Input for this task:

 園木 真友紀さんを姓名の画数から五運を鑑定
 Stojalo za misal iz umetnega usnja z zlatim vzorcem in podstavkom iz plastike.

--

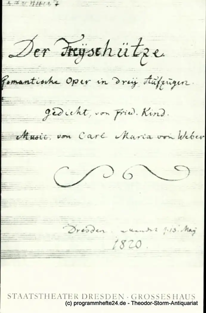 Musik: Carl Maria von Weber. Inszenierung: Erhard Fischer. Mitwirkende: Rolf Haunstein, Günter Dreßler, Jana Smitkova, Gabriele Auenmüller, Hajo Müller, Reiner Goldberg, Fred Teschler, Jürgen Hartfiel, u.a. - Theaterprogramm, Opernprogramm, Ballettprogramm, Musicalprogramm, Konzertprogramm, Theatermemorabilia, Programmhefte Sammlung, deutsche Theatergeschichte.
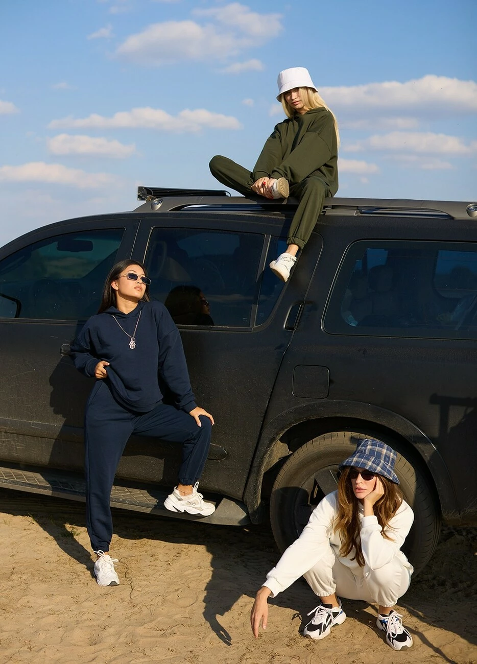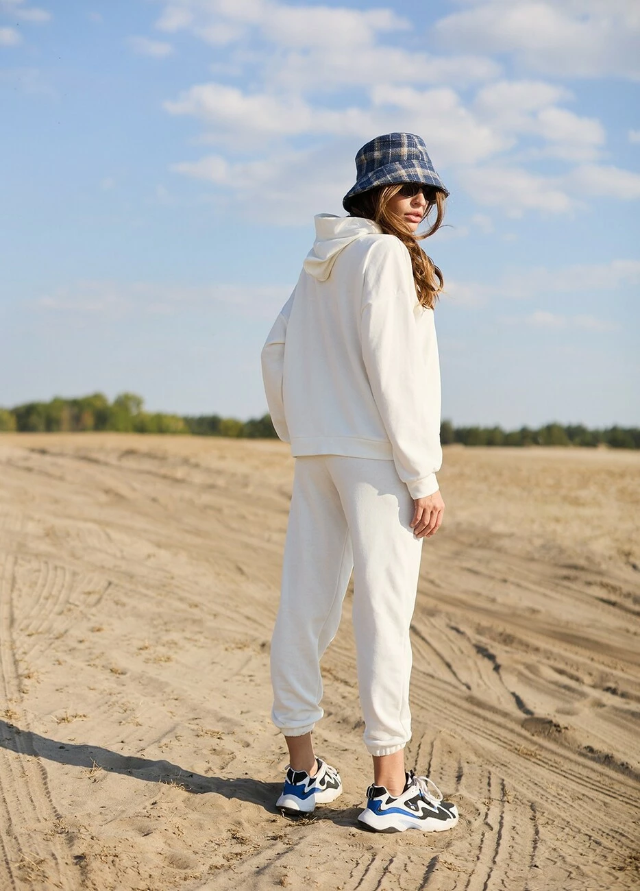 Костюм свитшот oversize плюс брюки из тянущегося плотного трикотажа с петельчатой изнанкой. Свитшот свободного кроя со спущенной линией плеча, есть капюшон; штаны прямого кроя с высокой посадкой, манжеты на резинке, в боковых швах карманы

Exercise aim: From the records above, copy out the line with "園木 真友紀さんを姓名の画数から五運を鑑定", the line with "Stojalo za misal", and every line between them, word for word.

Written reply:
 園木 真友紀さんを姓名の画数から五運を鑑定
 Stojalo za misal iz umetnega usnja z zlatim vzorcem in podstavkom iz plastike.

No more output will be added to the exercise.